Version Compatibility

Reference examples tested with: bedtools 2.31+, samtools 1.19+

Before using code patterns, verify installed versions match. If versions differ:

• Python:

  pip show <package>

  then

  help(module.function)

  to check signatures
• CLI:

  <tool> --version

  then

  <tool> --help

  to confirm flags

If code throws ImportError, AttributeError, or TypeError, introspect the installed package and adapt the example to match the actual API rather than retrying.

bedGraph Handling

"Work with bedGraph signal tracks" → Create, manipulate, and convert bedGraph files for displaying coverage or signal intensity on genome browsers.

• CLI:

  bedtools genomecov -bg

  to generate,

  bedGraphToBigWig

  to convert
• Python:

  pyBigWig

  ,

  pybedtools

bedGraph is a text format for displaying continuous-valued data on genome browsers.
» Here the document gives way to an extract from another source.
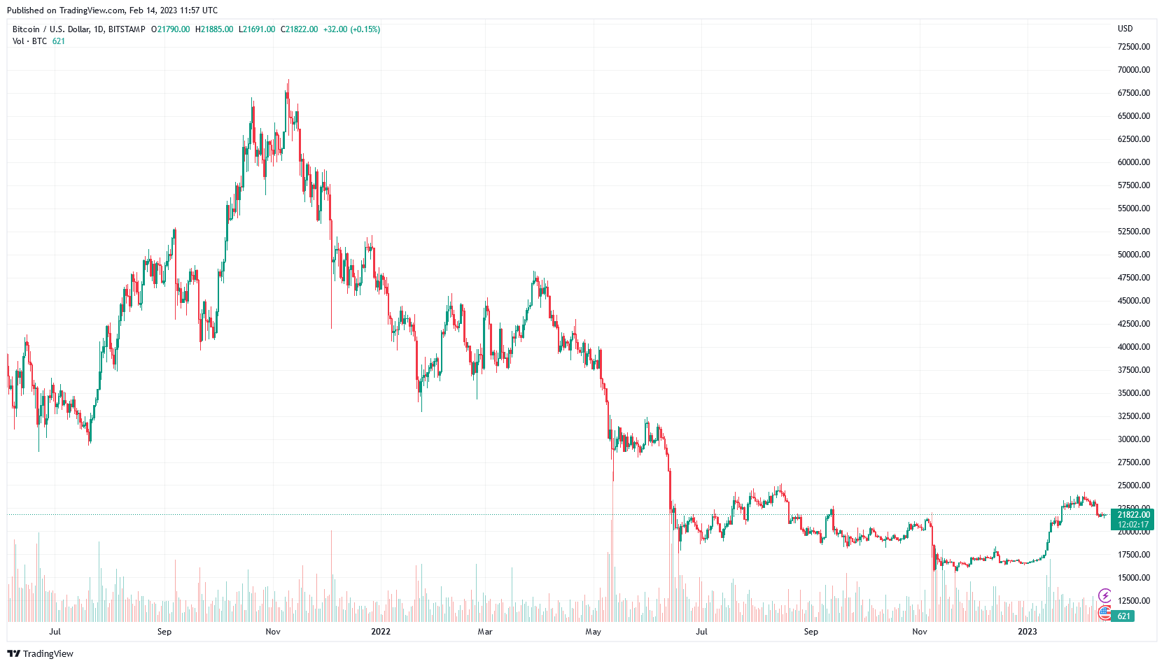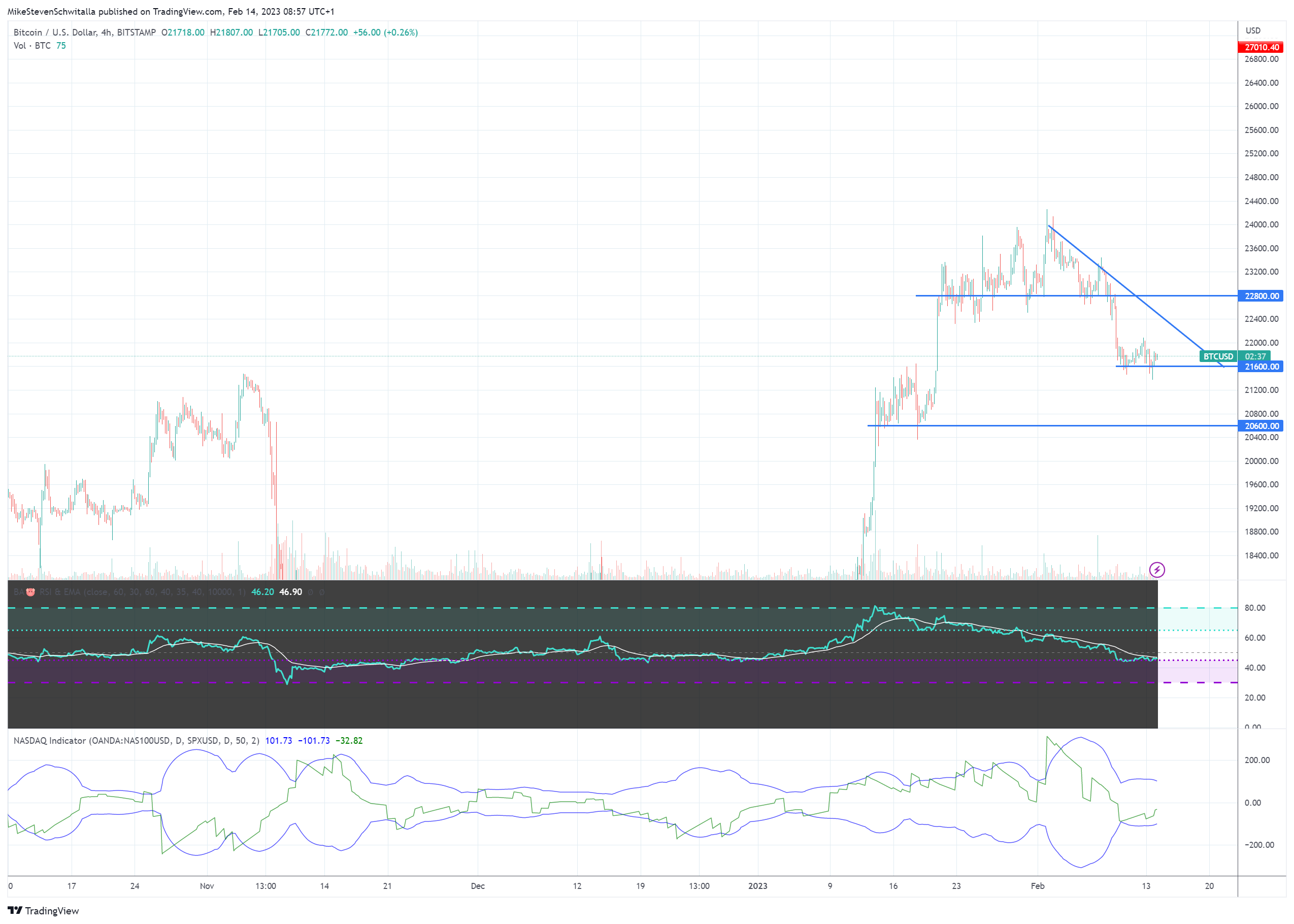 Seit letztem Freitag befinden wir uns in einer Konsolidierungsphase mit einer Spanne von 21'600 USD bis 22'000 USD. Dennoch ist der Abwärtstrend intakt und es scheint wahrscheinlich, dass die Unterstützung bei 21'600 USD nach unten durchbrochen wird. Meiner Meinung nach ist daher ein Kursziel von 20'600 USD realistisch.

Common for coverage, signal intensity, and scores.

bedGraph Format

track type=bedGraph name="Sample" description="Coverage"
chr1    0       100     1.5
chr1    100     200     2.3
chr1    200     300     0.8

Four columns: chrom, start, end, value (0-based, half-open)

Create bedGraph from BAM

Using bedtools genomecov

bedtools genomecov -ibam sample.bam -bg > sample.bedgraph
bedtools genomecov -ibam sample.bam -bg -split > sample.bedgraph
bedtools genomecov -ibam sample.bam -bg -scale 1.5 > sample.scaled.bedgraph

Strand-Specific

bedtools genomecov -ibam sample.bam -bg -strand + > sample.plus.bedgraph
bedtools genomecov -ibam sample.bam -bg -strand - > sample.minus.bedgraph

5' End Coverage (ChIP-seq)

bedtools genomecov -ibam sample.bam -bg -5 > sample.5prime.bedgraph

Normalize by Library Size (CPM)

total_reads=$(samtools view -c -F 260 sample.bam)
scale=$(echo "scale=10; 1000000 / $total_reads" | bc)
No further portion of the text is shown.